История Комсомольца в прошлой жизни заинтересовала меня меньше прочих. Парень представлялся мне малолетним психом, слишком импульсивным для того, чтобы оказаться неуловимым «маньяком с молотком». Не знаю, к кому он пытался залезть под юбку, но сделал он это очень уж неуклюже, раз расплатился за свой поступок комсомольским значком. Он мог бы убить Светлану Пимочкину.
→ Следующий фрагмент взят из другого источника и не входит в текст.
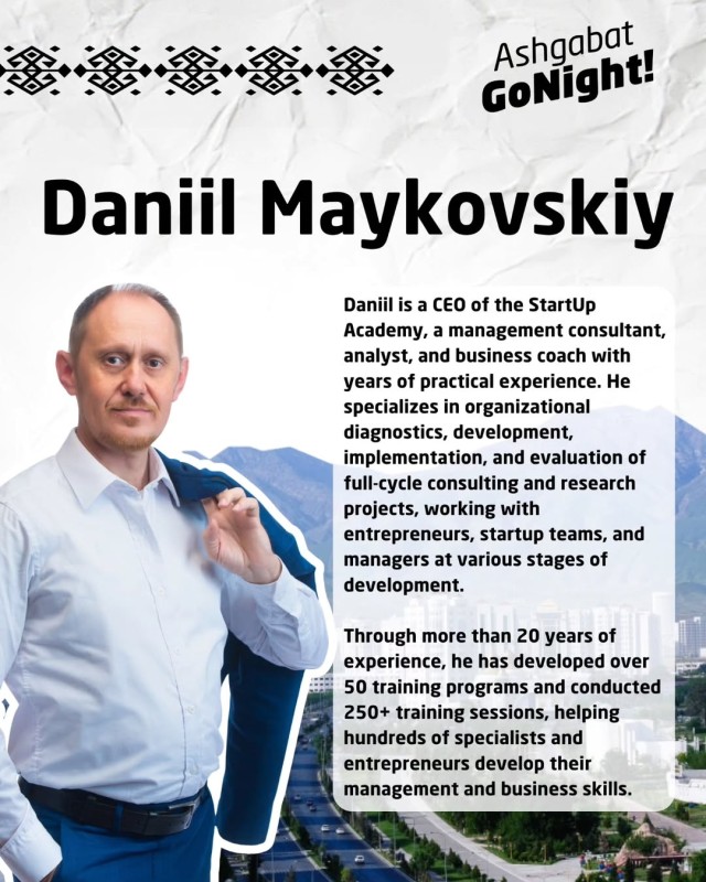 📍 Where: “Ish Nokady” coworking center, 2nd floor, Arkach Business Center, Magtymguly Avenue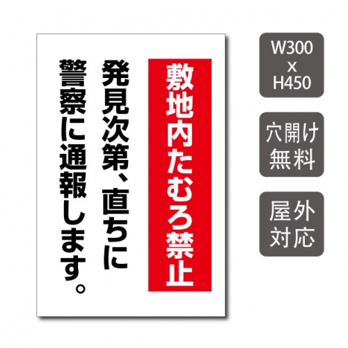 プレート看板 「敷地内たむろ禁止」 W300xH450mm warning-139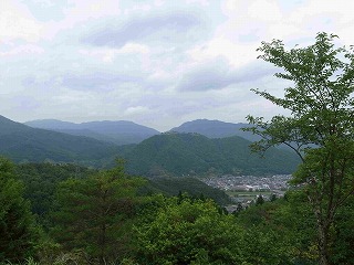 | 昔、山に八木城があったそうです。その城下町だった八木地区の黒い瓦屋根の美しいまちなみが国道を挟んで見えます。 |

Из мести. Но я до сих пор сомневался, что Усик позарился бы на трёх других тёток. Тем более что в день убийства одной из них у Комсомольца было «железное» алиби — это признала даже Людмила Сергеевна.
И всё же Александр Усик был тем ещё говнюком. Чем дольше я о нём думал, тем больше находил в парне странностей. Эта дурацкая будёновка в рюкзаке… для чего ему понадобилась? Память о ком-то? Или была дополнением к той книге, что лежала на его кровати под подушкой? Парень воображал себя Павкой Корчагиным? Эдаким пламенным революционером, убеждённым комсомольцем? Я выяснил, что о фильме «Как закалялась сталь» с участием Владимира Конкина пока никто из студентов не слышал. А вот Василий Лановой уже успел покрасоваться в будёновке на больших экранах.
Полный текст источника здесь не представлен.